IMPORTANT: Note that the image files we’re working with in this step pertain only to the plugin “chrome”, and are not the actual images that will be displayed within the gallery or slideshow. The actual images will be chosen by the end-users of your site (this is the whole point of going through all this trouble to create a block – so that your end-users have the ability to choose and modify the images that each gallery/slideshow displays).

Examine the HTML

Open the demo.html file in the FlexSlider download and examine its contents. With pretty much every gallery or slideshow plugin, there are two important portions of code. One is the html markup that puts the images, links, titles, captions, etc. on the page. The other is the javascript that initializes the plugin and sets its options.

The two portions of code we care about
The two portions of code we care about

With many plugins, it can be quite challenging to determine what code you want in your own block versus what you want to leave out. There is unfortunately no single answer that applies to every situation – you will need to experiment a bit to get things just the way you want them. A good approach to this experimentation is to remove and add things to the demo page that comes with your gallery/slideshow plugin and see how they affect the look and functionality. Once you have an understanding of how the plugin works on an isolated page, then it will be easier to convert it to a Concrete5 block template.

Ignore Javascript/CSS Includes

Don
Don’t copy these

Note that we are not copying the tags that include javascript and css files, because those will be generated for us by C5 (it does this automatically for any files we put in our block’s /js/ and /css/ directories).

Convert HTML and Javascript to Concrete5 Block View Template

Open the block’s view.php file in your text editor. Delete everything after the first line (although you might want to read through it first, especially if you’re implementing your own plugin in the future).

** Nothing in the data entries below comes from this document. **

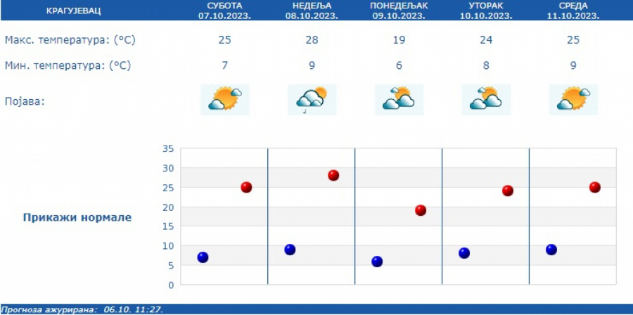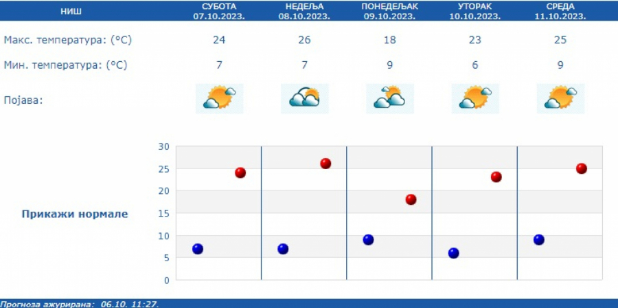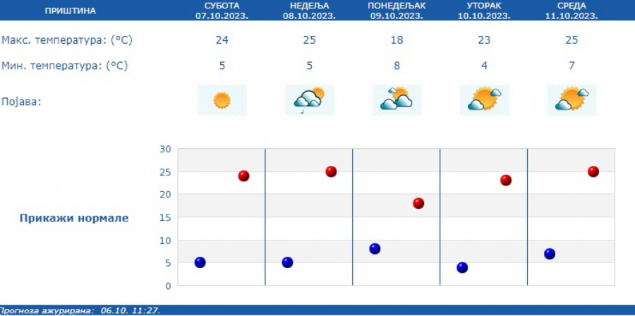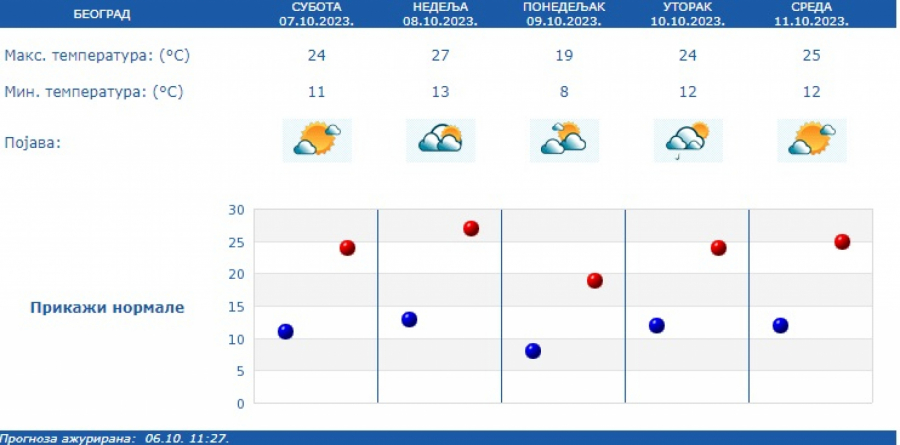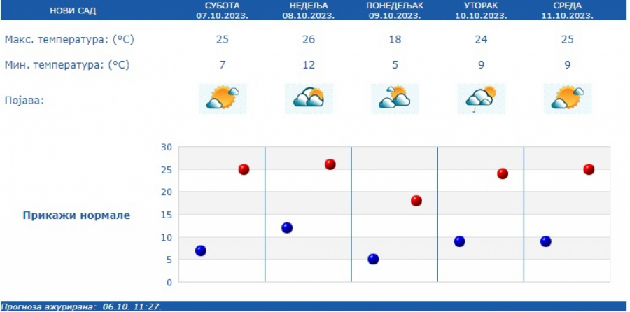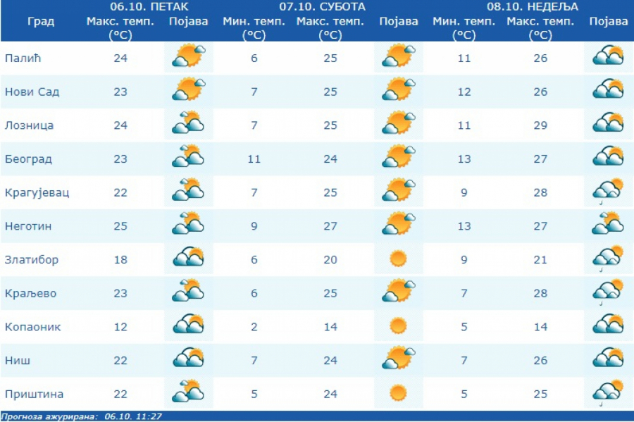 Tokom dana pretežno sunčano uz malu do umerenu oblačnost. Dnevna temperatura u većini mesta od 23 do 27 stepeni Celzijusa, osim u ponedeljak, kada će biti osetno hladnije.
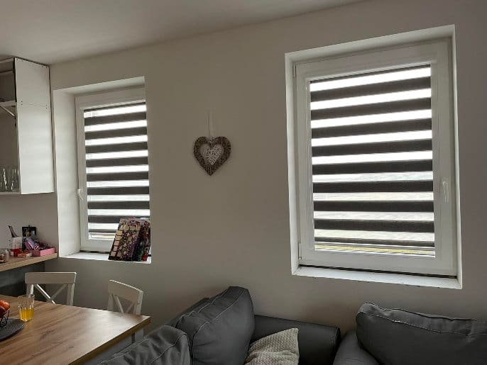 Tento druh okenních rolet, známý jako roleta den a noc, je v součastnosti nejpoužívanějším druhem vnitřního stínění. Dvojitá látka v sobě ukrývá dvě funkce zároveň. Pokud se plné a průsvitné pruhy střídají, světlo částečně proniká do interiéru. Když na sebe plné pruhy na přední i zadní látce navazují, docílíte úplného zastínění.Pestrý výběr typů a barev látek umožňuje dokonalé designové dotváření místností.
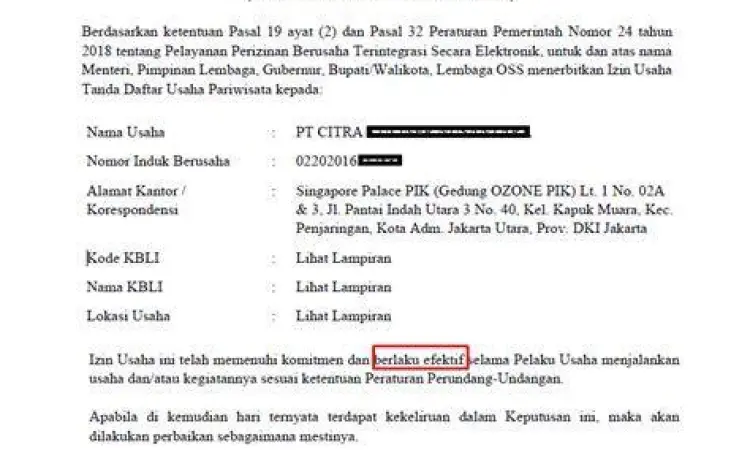 Seiring dengan diberlakukannya Undang-Undang Cipta Kerja, sistem perizinan di Indonesia telah bertransformasi menjadi Perizinan Berusaha Berbasis Risiko melalui sistem Online Single Submission (OSS). Hal ini mempermudah para pelaku usaha, baik skala mikro, kecil, menengah, maupun besar, untuk mendapatkan dokumen legalitas yang sesuai dengan tingkat risiko kegiatan usahanya tanpa harus melalui birokrasi yang berbelit-belit.
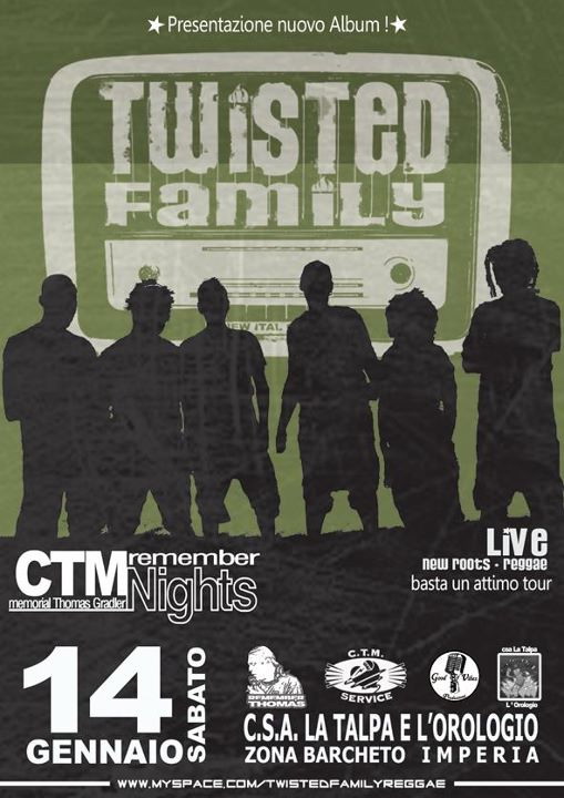 Domani sera, sul palco della 'Talpa e l'orologio' di Imperia, nuovo appuntamento con la musica live. Dopo artisti del calibro di Afica Unite, Far Too Loud, Bud Spencers Blues Explosion e molti altri, la prima presentazione del nuovo album della Twisted Family.
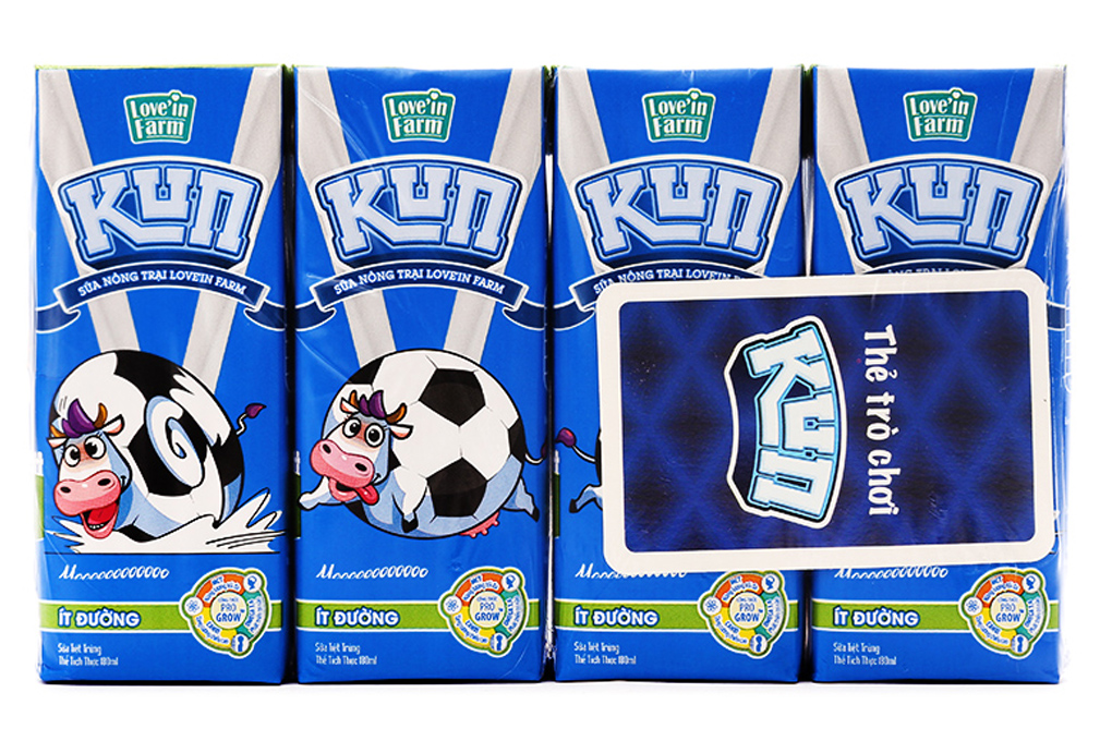 Hình ảnh Sữa tươi tiệt trùng Kun ít đường hộp 180ml (lốc 4 hộp)
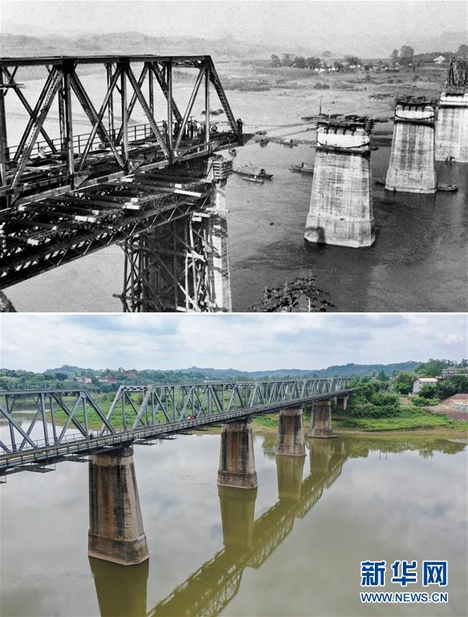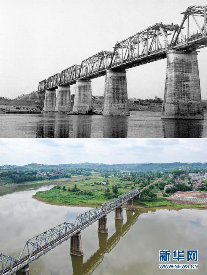 拼版照片:上图为1951年11月底完工的成渝铁路沱江大桥(资料照片);下图为6月12日无人机拍摄的至今仍在使用的成渝铁路沱江大桥(新华社记者薛玉斌摄)。新华社发
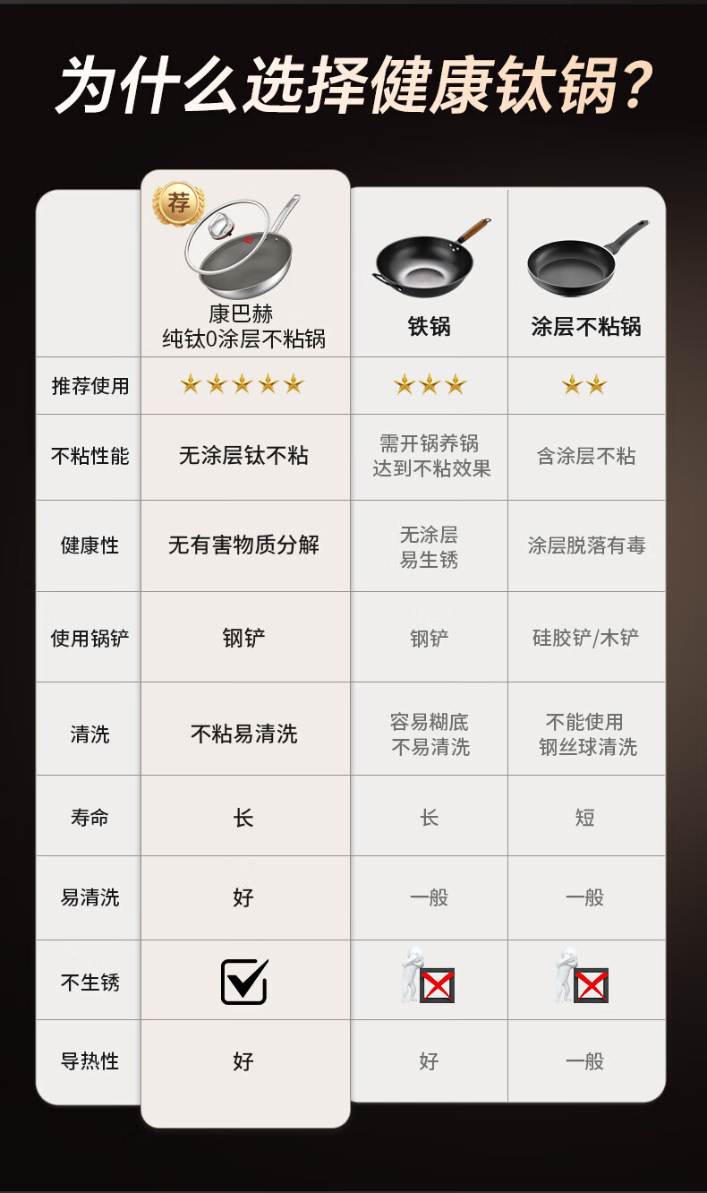 康巴赫纯钛内胆电饭煲家用不粘煮粥锅煮粥锅电饭锅多功能电锅电器煮粥锅套锅煎锅炒锅套装 Mate 4L +纯钛0涂层炒锅+蒸笼+铲子
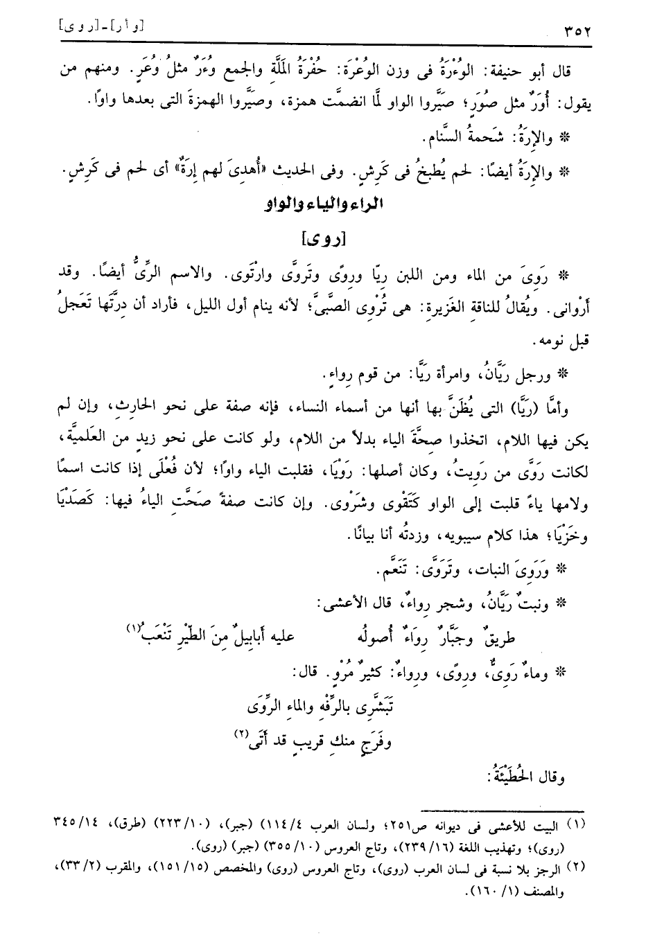 [ر وي] رَوِيَ من الماء ومن اللبن رِيّا ورِوًى وتَروَّى وارْتَوى والاسم الرِّيُّ أيضًا وقد أَرْواني ويُقالُ للناقةِ الغَزيرةِ هي تُرْوِي الصَّبيَّ لأنه ينام أول الليل فأراد أن دِرَّتَها تَعَجلُ قبل نومه ورجل رَيَّانُ وامرأة رَيَّا من قوم رِواءٍ وأمَّا رَيَّا التي يُظَنَّ بها أنها من أسماء النساء فإنه صفة على نحو الحارِثِ وإن لم يكن فيها اللام اتخذوا صِحَّةَ الياء بدلاً من اللام ولو كانت على نحو زيدٍ من العَلميَّة لكانت رَوَّى من رَوِيتُ وكان أصلها رَوْيَا فقلبت الياء واوًا لأن فُعْلَى إذا كانت اسمًا ولامها ياءً قلبت إلى الواو كتَقَوْى وشَرْوى وإن كانت صفةً صَحَّتِ الياءُ فيها كَصَدْيَا وخَزْيَا هذا كلام سيبويه وزدتُه أنا بيانًا وَرَوِيَ النبات وتَرَوَّى تَنَعَّم ونبتٌ رَيَّانُ وشجر رِواءٌ قال الأعشى
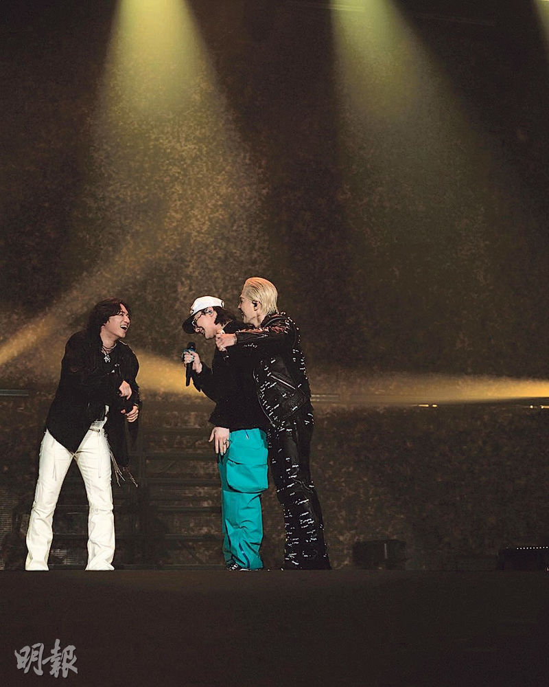前晚尾場,原本坐在觀眾席睇騷的G-Dragon(GD)也驚喜登台,三子久違同台,合唱BigBang經典歌《Bang Bang Bang》、《Fantastic Baby》及《We like 2 Party》;太陽與GD更合唱《Bad Boy》,掀起全晚高潮。據悉太陽早前參與大聲的粉絲見面會,後者今次算是「回禮」。前晚演唱會開始前,太陽與大聲跟GD說:「想上台就來吧!」BigBang才有「重組」機會。GD表示沒想過要上台,但太陽與大聲兩晚同台演出,如果他不上台,就會變「衰仔」。另外,韓媒報道指GD有望今年12月推出新碟;太陽則落實10月5日來港開騷,門票今日(3日)起公開發售。
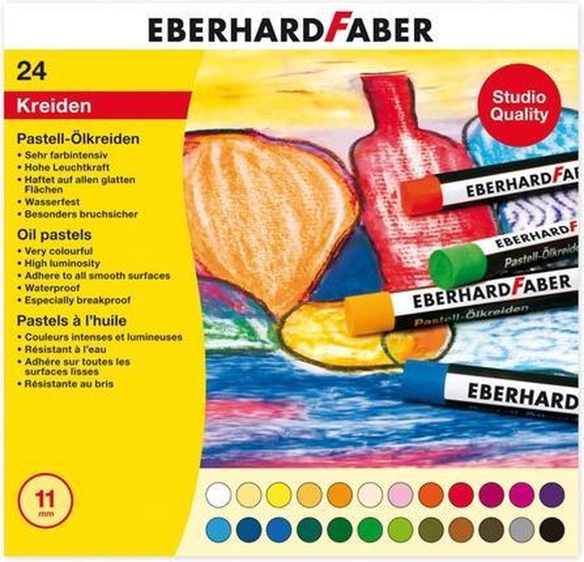 Oliepastelkrijt, studio kwaliteit. Zeer intensieve kleuren op alle gladde oppervlakken, watervast, breukvast en het krijt is met papier omwikkelt. Stift van Ø 11 mm, en 70 mm lang. Verpakt in kartonnen etui. 24 stuks.
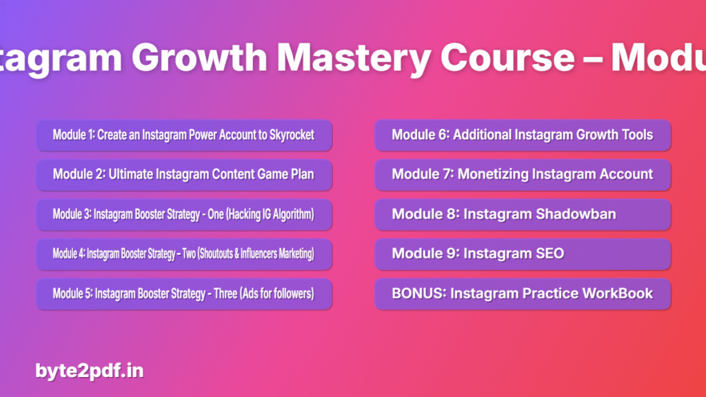 That’s precisely why we’ve developed the Instagram Growth Mastery Course: Algorithm Hack, Followers Boost & Monetization! This in-depth course is your ultimate guide to transforming your Instagram from a casual hobby into a powerful, revenue-generating machine. And just like Byte2PDF helps you transform documents, this course will help you transform your Instagram presence!

Copy the two portions of code we identified above from the FlexSlider’s demo.html file and paste them into our block’s view.php file.

Our block's view.php file (after pasting in code from FlexSlider's demo.html file)
Our block's view.php file (after pasting in code from FlexSlider's demo.html file)

The pasted code contains “hard-coded” images, but since we want to allow our end-users (the people managing the site) to upload and choose their own images, we need to replace it with a little bit of PHP code. The block already has a controller.php file that handles all the messy work of getting the chosen images and collating all of the meta-information about each one – and it provides this information to the view.php file via the $images variable. We want our code to loop through the images in this variable, and output a snippet of html for each one.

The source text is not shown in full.